The answers Ryan reflects on were simple, binary ones — yes or no — when we all know that if the respondents are indeed experts in their field, each answer has to reflect numerous assumptions not specified in the question, and numerous caveats to black or white answers. The views of at least some of the participants in the survey cited by Ryan are, in fact, infinitely more nuanced than what is reflected in the division of yes and no responses to the survey. (I only say “at least some” because I don’t know the views of them all.)

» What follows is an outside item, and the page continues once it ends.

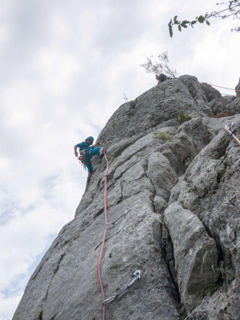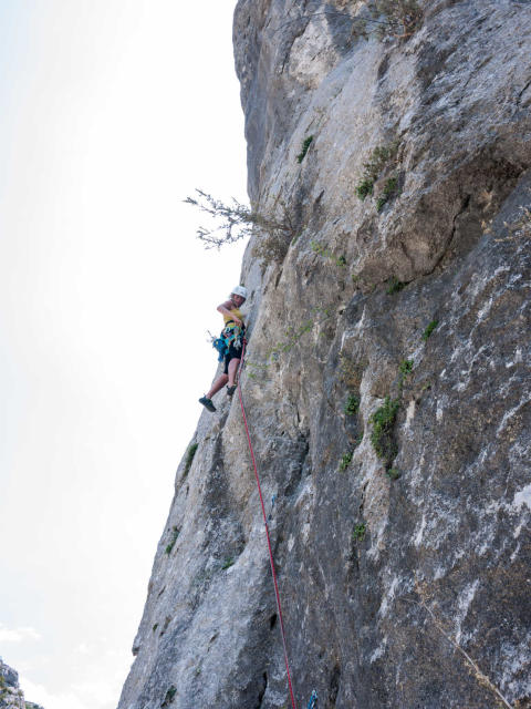 Au programme : apprendre à confectionner un relais, utiliser une corde à double pour monter et descendre (rappel auto-assuré) et choisir son matériel. Les falaises des premières demi-journées seront des falaises "écoles" dont certaines (Col du Coq, Ecoutoux...) permettent la mise en situation sur des petits parcours de 2 longueurs. La journée complète se déroulera sur des itinéraires plus longs en Vercors, Chartreuse ou Taillefer, selon le niveau du groupe et les conditions météo du moment.

A more useful template against which to measure the targetability of civilians and other protected persons such as clerics serving with armed forces is found in the ICRC’s description of the difference between direct participation in hostilities (triggers targetability) and indirect participation (does not trigger targetability). It is also a relatively well-established tenet of the law of armed conflict that in case of doubt about their activities, a person is presumed to be a civilian rather than a combatant: protected from the effects of hostilities rather than a target.
Whether Ibrahim al-Rubaysan merited killing is a complex question involving consideration of several layers of international law, the most important being human rights law and the law of armed conflict. Even assuming the application of the law of armed conflict, I don’t know the answer to this ultimate question because like Ryan, I don’t know the facts. Therefore, I agree with Ryan’s conclusion that greater transparency is called for. But I can say with certainty that well-established legal rules exist, and though there is room for debate about how they apply, that debate occurs on significantly narrower turf than what is suggested by the overly simplistic answers attributed to a few people in response to hopelessly imprecise questions.
Editor’s note: This post has been updated to more accurately reflect the relationship between AQAP and core al-Qaeda.